**WHAT IS REQUIRED**: Below is a listing to repeat exactly, with its pictures left out.

**DATA LISTING**:
BEGIN

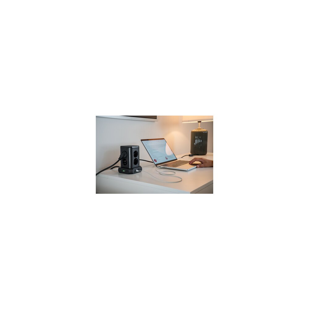 Der Steckdosenturm überzeugt vor allem durch das platzsparende Turmdesign und die flexiblen Einsatzmöglichkeiten der Mehrfachsteckdose wie z.B. im Haushalt, Büro oder als Stromversorgung des Gaming-Setups. Durch die Platzierung und die 45°-Anordnung der Steckdosen, können alle Steckplätze problemlos genutzt werden, selbst bei großen Winkelsteckern. Die 3 USB-Ladebuchsen ergänzen die Steckdosenleiste somit perfekt.
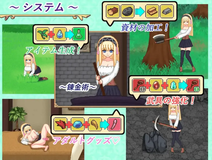 主人公妮娜是一名炼金学徒,向往城市生活、她离开农村,前往阿莫尔王国。在那里,她遇到了 “艾丽西亚公主 ”和 “女仆罗莎”、她们许诺,如果她在王位继承人的试炼中合作,就会得到[宫廷炼金术士]的职位和头衔作为奖励,她欣然同意合作。
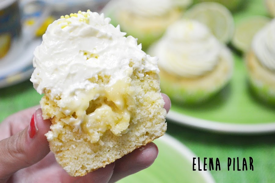 Espero que a vosotros también os gusten, porque no son nada empalagosos ni pesados. La crema que los cubre es de queso -yo he puesto tipo mascarpone, pero podéis sustituirlo por uno de untar-, con lo que resulta mucho más suave y ligera que una buttercream, y el curd de lima con el que los he rellenado -el mismo que utilicé para la tarta de melaza, jengibre y lima-, los hace aún más apetecibles.
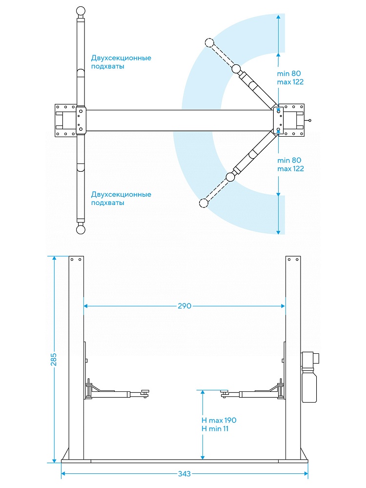 Двухстоечный электрогидравлический подъемник с верхней синхр, грузоподъемность 4.0 т, высота колонны 4231/4431мм, механическое управление стопорами на одной колонне.
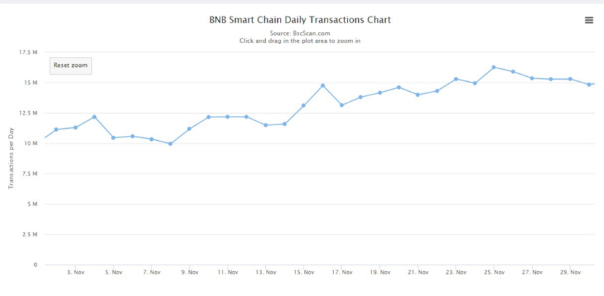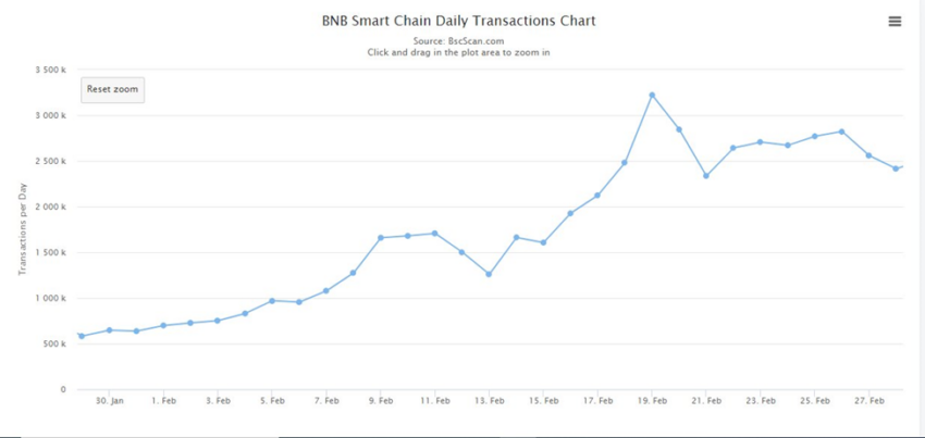 Em janeiro de 2022, a Binance Smart Chain teve uma contagem total de transações de aproximadamente 192.096.842 (192 milhões). Em contraste com a queda das transações do Ethereum em fevereiro, a blockchain registrou um aumento mensal ano a ano em fevereiro.
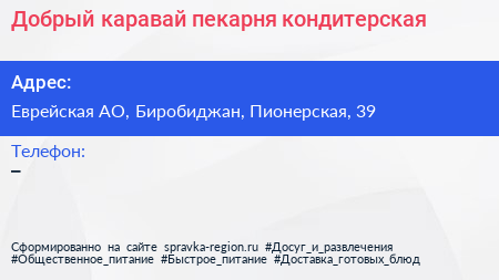 Добрый каравай, пекарня-кондитерская по адресу Еврейская АО, Биробиджан, Пионерская, 39 в дальнейшем Организация, размещена в следующих категориях:
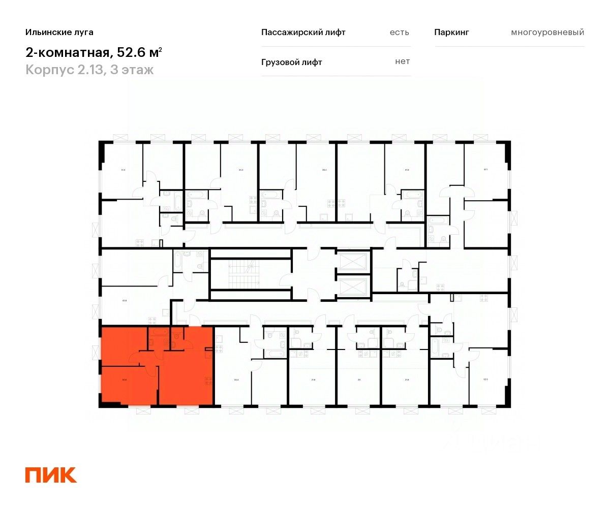 Продаётся 2-комн. квартира площадью 52,6 кв.м на 3 этаже 9 этажного дома (Корпус 2.13, Секция 3) проекта ПИК Ильинские луга. Светлый просторный подъезд на уровне земли, функциональная планировка, большие окна, c отделкой.
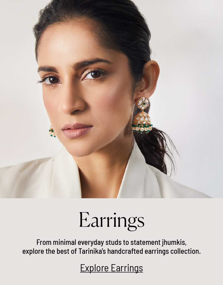 From traditional earring designs that serve the Indian style well, to the modern, chic, and trendy designs of earrings best suited for the modern Indian woman –Tarinika jewellery offers a wide-range of jewellery to choose from. You can buy antique earring designs or kundan earrings, or you can also buy an earring with a necklace set for a classic look. There’s more to earrings on Tarinika than anywhere else.
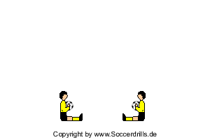 In dieser Übung sitzen beide Spieler auf dem Boden und jeder hält einen Ball in den Händen. Sie werfen sich die Bälle gleichzeitig zu. Es soll kein Bogenwurf erfolgen.
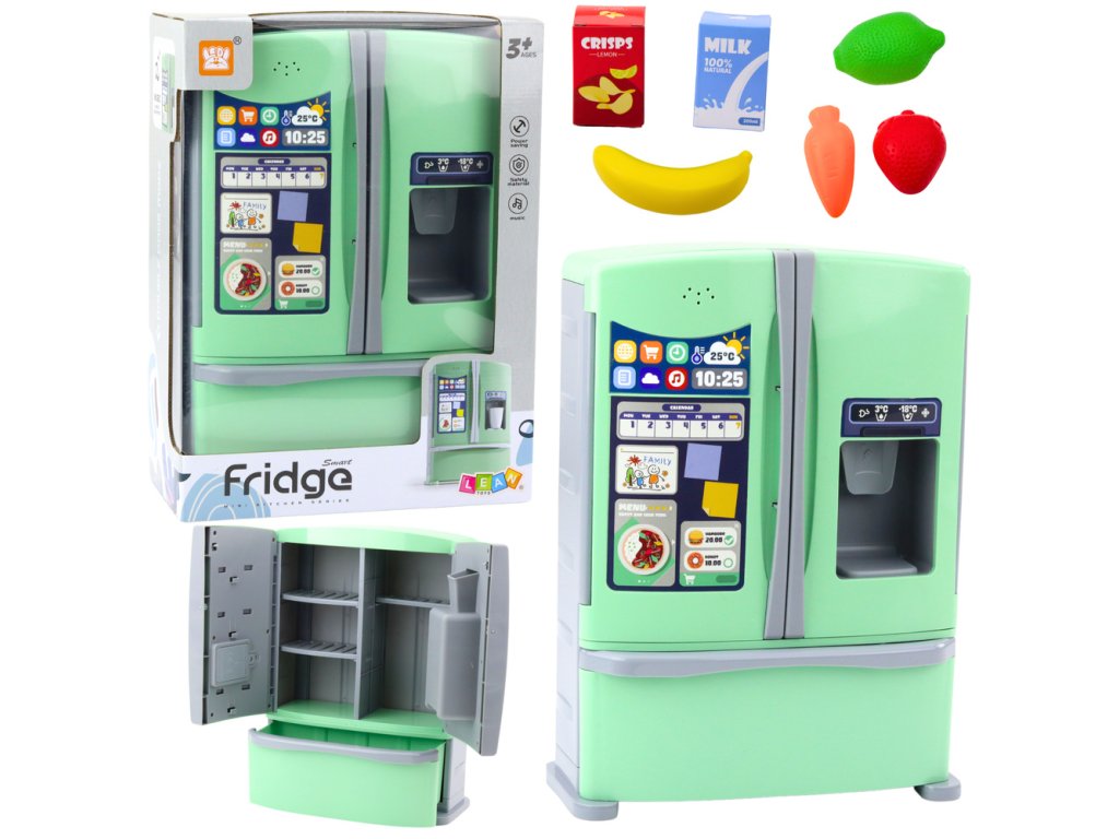 Zelená Dvoudveřová Lednice s Výrobníkem Ledu a Zvučnými Potravinovými Doplňky je vynikající volbou pro děti, které si rády hrají na běžný život Tato hračka je stylizovaná jako moderní kuchyňský spotřebič a má dvoukřídlové dveře, interaktivní panel s grafickým dotykovým displejem, a vestavěný výrobník ledu
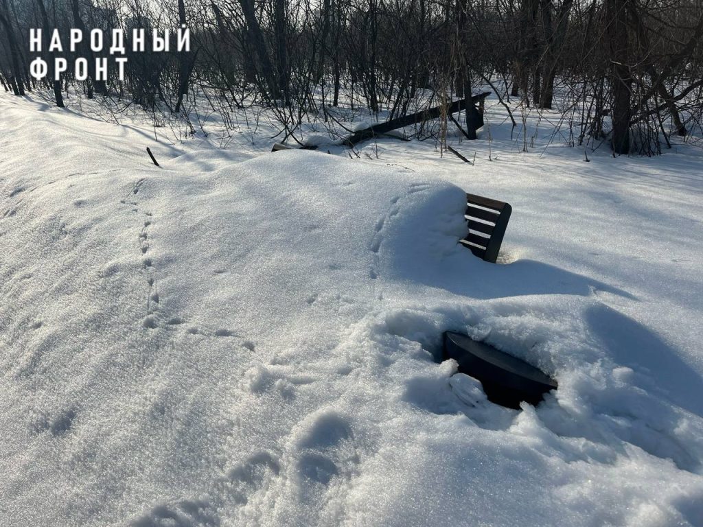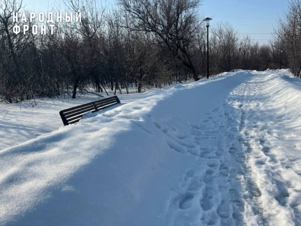 Ранее информацию о ситуации в парке общественники вместе с фотографиями направляли главе округа. Спустя месяц от заместителя главы поступил ответ, что в парке якобы регулярно убирают снег, а ремонт проведут при благоприятных погодных условиях.

END

**RESPONSE**:
 Der Steckdosenturm überzeugt vor allem durch das platzsparende Turmdesign und die flexiblen Einsatzmöglichkeiten der Mehrfachsteckdose wie z.B. im Haushalt, Büro oder als Stromversorgung des Gaming-Setups. Durch die Platzierung und die 45°-Anordnung der Steckdosen, können alle Steckplätze problemlos genutzt werden, selbst bei großen Winkelsteckern. Die 3 USB-Ladebuchsen ergänzen die Steckdosenleiste somit perfekt.
 主人公妮娜是一名炼金学徒,向往城市生活、她离开农村,前往阿莫尔王国。在那里,她遇到了 “艾丽西亚公主 ”和 “女仆罗莎”、她们许诺,如果她在王位继承人的试炼中合作,就会得到[宫廷炼金术士]的职位和头衔作为奖励,她欣然同意合作。
 Espero que a vosotros también os gusten, porque no son nada empalagosos ni pesados. La crema que los cubre es de queso -yo he puesto tipo mascarpone, pero podéis sustituirlo por uno de untar-, con lo que resulta mucho más suave y ligera que una buttercream, y el curd de lima con el que los he rellenado -el mismo que utilicé para la tarta de melaza, jengibre y lima-, los hace aún más apetecibles.
 Двухстоечный электрогидравлический подъемник с верхней синхр, грузоподъемность 4.0 т, высота колонны 4231/4431мм, механическое управление стопорами на одной колонне.
 Em janeiro de 2022, a Binance Smart Chain teve uma contagem total de transações de aproximadamente 192.096.842 (192 milhões). Em contraste com a queda das transações do Ethereum em fevereiro, a blockchain registrou um aumento mensal ano a ano em fevereiro.
 Добрый каравай, пекарня-кондитерская по адресу Еврейская АО, Биробиджан, Пионерская, 39 в дальнейшем Организация, размещена в следующих категориях:
 Продаётся 2-комн. квартира площадью 52,6 кв.м на 3 этаже 9 этажного дома (Корпус 2.13, Секция 3) проекта ПИК Ильинские луга. Светлый просторный подъезд на уровне земли, функциональная планировка, большие окна, c отделкой.
 From traditional earring designs that serve the Indian style well, to the modern, chic, and trendy designs of earrings best suited for the modern Indian woman –Tarinika jewellery offers a wide-range of jewellery to choose from. You can buy antique earring designs or kundan earrings, or you can also buy an earring with a necklace set for a classic look. There’s more to earrings on Tarinika than anywhere else.
 In dieser Übung sitzen beide Spieler auf dem Boden und jeder hält einen Ball in den Händen. Sie werfen sich die Bälle gleichzeitig zu. Es soll kein Bogenwurf erfolgen.
 Zelená Dvoudveřová Lednice s Výrobníkem Ledu a Zvučnými Potravinovými Doplňky je vynikající volbou pro děti, které si rády hrají na běžný život Tato hračka je stylizovaná jako moderní kuchyňský spotřebič a má dvoukřídlové dveře, interaktivní panel s grafickým dotykovým displejem, a vestavěný výrobník ledu
 Ранее информацию о ситуации в парке общественники вместе с фотографиями направляли главе округа. Спустя месяц от заместителя главы поступил ответ, что в парке якобы регулярно убирают снег, а ремонт проведут при благоприятных погодных условиях.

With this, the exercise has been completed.